L’Algérie commémore, demain, le 81ᵉ anniversaire des massacres du 8 Mai 1945, considérés parmi les plus tragiques de l’histoire contemporaine. Cet événement constitue une étape charnière de l’histoire nationale, au cours de laquelle des dizaines de milliers de martyrs ont perdu la vie, en plus de milliers d’arrestations, notamment à Guelma, Sétif et Kherrata.
L’Algérie, souvent qualifiée de « perle de l’Afrique », a toujours suscité de nombreuses convoitises en raison de sa position géographique stratégique et de ses richesses naturelles exceptionnelles, qu’il s’agisse de l’or, du pétrole, du phosphate, des minerais, ou encore de la diversité de ses paysages entre mer, montagnes et désert. Cette richesse en a fait une terre particulièrement convoitée.
En 1830, l’Algérie est tombée sous occupation coloniale française, une domination qui a duré jusqu’au 5 Juillet 1962. Durant cette période, le peuple algérien a subi de lourdes épreuves marquées par la répression, les massacres, la torture, la marginalisation et la discrimination raciale, ainsi que de nombreuses formes d’injustice.
Ce qui s’est produit le 8 Mai 1945 constitue une preuve éclatante de la brutalité de la France coloniale. Avec le déclenchement de la Seconde Guerre mondiale, en 1939, et l’invasion de plusieurs pays, dont la France, par l’Allemagne, cette dernière a compris qu’elle ne pouvait faire face à la « menace nazie » qu’avec une armée nombreuse et un armement puissant. Elle s’est alors tournée vers le peuple algérien et a exploité ses ressources humaines pour cette guerre, promettant qu’en échange de leur participation aux côtés de la France durant la Seconde Guerre mondiale, l’Algérie obtiendrait son indépendance. Ainsi, des milliers d’Algériens ont été mobilisés. Après la victoire de la France sur le nazisme, les Algériens sont sortis le 8 Mai 1945 pour célébrer cette victoire, convaincus que l’heure de la liberté et de l’indépendance approchait. Cependant, la réponse française fut choquante : ces célébrations se sont transformées en massacres sanglants, révélant la véritable nature du colonialisme.
La promesse non tenue n’est pas nouvelle pour la France, car elle a toujours manqué à ses engagements. En 1945, les manifestants ont brandi pour la première fois depuis 1830 le drapeau algérien, exprimant leur joie et leur espoir de voir la promesse d’émancipation se réaliser. Mais la France a brisé cet espoir et réprimé les manifestations avec une extrême violence.
Les manifestations pacifiques ont été violemment dispersées par l’armée française et les milices composées de civils européens. La première victime fut un jeune homme nommé Saâl Boussid à Sétif, considéré comme le premier à avoir brandi le drapeau algérien et le premier martyr de ces manifestations.

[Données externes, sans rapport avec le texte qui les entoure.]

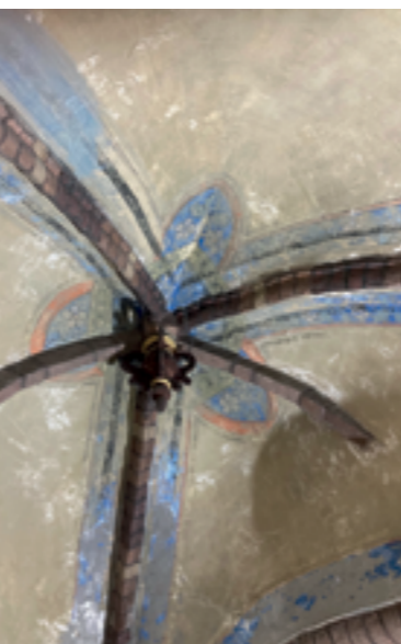
Viel Farbe: Das Strappo-Verfahren hat ansehnliche Malereien zutage gefördert

Alles ist allem ist es wie bei fast jeder Altbausanierung: Es entstehen neue Aufgaben und die brauchen Zeit. Der Abschluss des ersten Bauabschnitts wird entsprechend jetzt erst deutlich nach Ostern erfolgen.
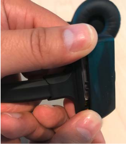
SDW 30 HS
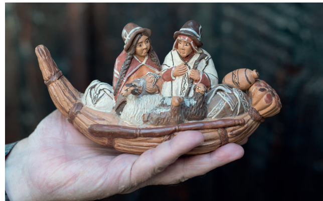
Beispiel für Inkulturation: Krippe auf einem Boot, Titicacasee, Peru

Gott kommt an. Bei Johannes heißt es „Er kam in sein Eigentum, aber die Seinen nahmen ihn nicht auf.“ (Joh 1,11) Einfache Bauern in Südamerika verstehen das so: Die Menschen nahmen ihn nicht auf, weil er arm war und weil er gegen die Ungerechtigkeit predigte. Bis heute haben ihn viele nicht aufgenommen. Das erleben sie in einer Gesellschaft voller Ungerechtigkeit, auch in der Kirche. Wer ihn aufnimmt – meinen sie – der verändert sein Leben und fängt an, das Gute zu tun. Gerade Menschen aus sogenannten Entwicklungsländern kennen Armut und Unterdrückung in der Kolonialgeschichte und heute. Sie erkennen die Solidarität Jesu mit den Leidenden und Armen.
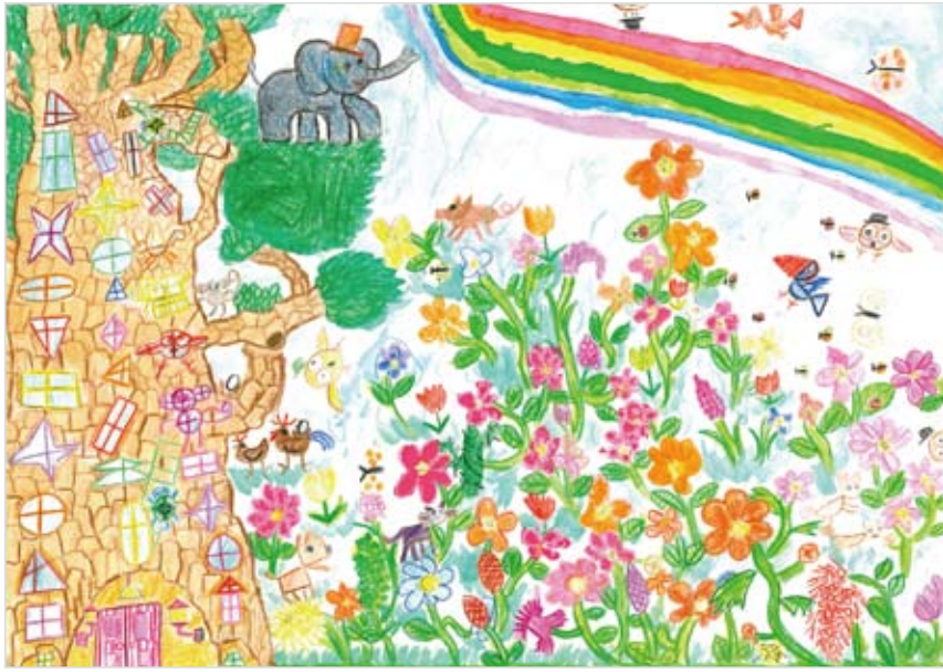
「どうぶつたちの花ばたけ」 小泉 悠 (6) じぶんでも、いろんな花をそ だてたい。
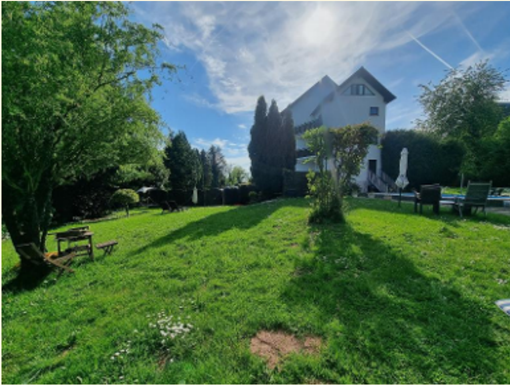
31 - Außenanlage
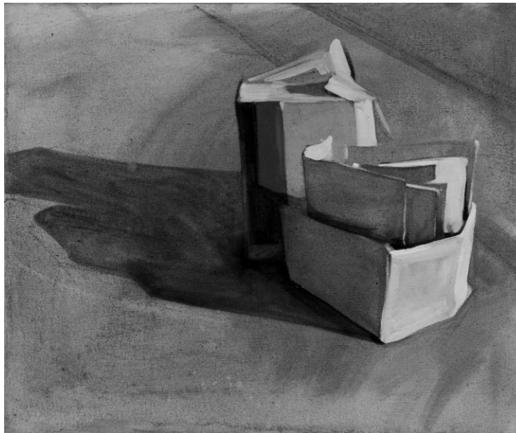
SZABÓ FRANCISKA: UTCA
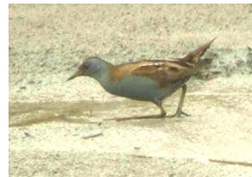
Marouette poussin (Thierry Vibert-Vichet)
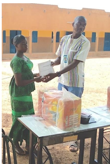
Kit d'installation : une machine à coudre, une paire de ciseaux et un maitre-ruban.
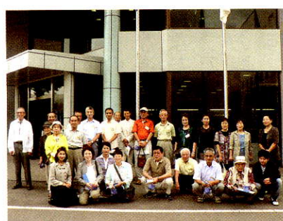
エフピコ見学記念写真
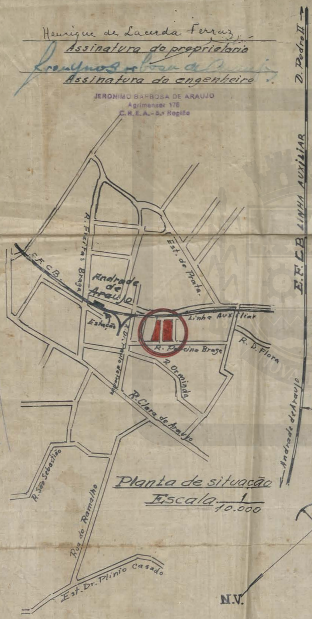
Planta de situação Escala 1/10.000

P. M. N. I. ARQUIVO DA D. E. PLANTA Nº 28/52
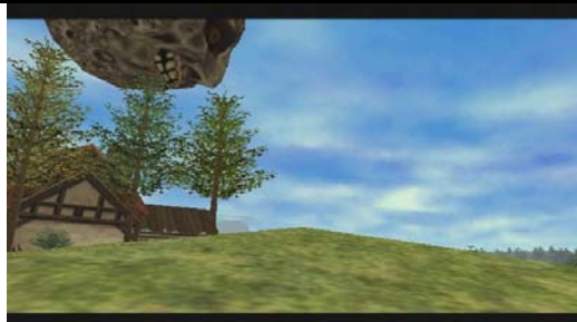
Le ranch Romani Rien à dire...

Attention : Octoroks et Pestes Mojos Dangereuses
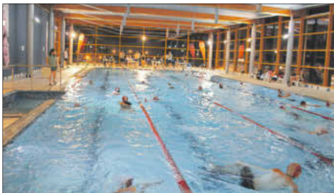
Auch nachts herrscht beim 24-Stunden-Schwimmen reger Betrieb auf den Bahnen.

Insgesamt 199 Schwimmer waren am Start, insgesamt legten sie 1702,58 Kilometer zurück: Beim 24-Stunden-Schwimmen, das noch im Januar in der Lausitztherme Wonnemar stattfand, kam wieder einiges an Strecke zusammen. 19 Einzelstarter und 14 Mannschaften mit zwischen sieben und 24 Mitgliedern beteiligten sich an dem Sportereignis, unter ihnen auch wieder Schwimmer des SV Neptun aus der Partnerstadt Lübecke.

Ces événements ont fait de nombreuses victimes, notamment dans les régions de Kherrata, Guelma et Sétif. La répression ne s’est pas limitée à la dispersion des foules : elle a également inclus des bombardements de villages et de villes par l’aviation, l’artillerie et les navires de guerre pendant plusieurs semaines.
Les victimes ont été enterrées dans des fosses communes et de nombreux corps n’ont même pas été retrouvés, faisant des milliers de disparus.
Ces massacres ont constitué la naissance de la Révolution de libération algérienne, car c’est à partir de cette date que les préparatifs de la Révolution de 1954 ont véritablement commencé.
Aujourd’hui, le peuple algérien commémore le 81ᵉ anniversaire de ces massacres, une journée au cours de laquelle il se remémore les souffrances endurées par ses ancêtres : tortures, injustices, répression, spoliation des biens, assassinats d’enfants, de femmes, de veuves et de vieillards, ainsi que toutes les formes d’atrocités subies en Algérie.
Cet événement demeure ainsi une blessure profonde dans les relations algéro-françaises, d’autant plus qu’il n’a toujours pas fait l’objet d’une reconnaissance officielle de la part de la France, incapable — ou peu disposée — à reconnaître pleinement ces crimes devant la communauté internationale.
Ces massacres restent donc une preuve flagrante de la brutalité du colonialisme et de la contradiction entre ses discours et ses pratiques : alors qu’il prétend défendre la liberté, l’égalité et le droit des peuples à disposer d’eux-mêmes, il a en réalité réprimé, opprimé et massacré les peuples qui réclamaient leur indépendance.
À cette occasion, gloire et éternité à nos martyrs, les justes, qui ont sacrifié le plus précieux pour une Algérie libre et indépendante. Ils sont morts pour que nous puissions vivre dans la dignité, dans un pays sûr, libre et souverain.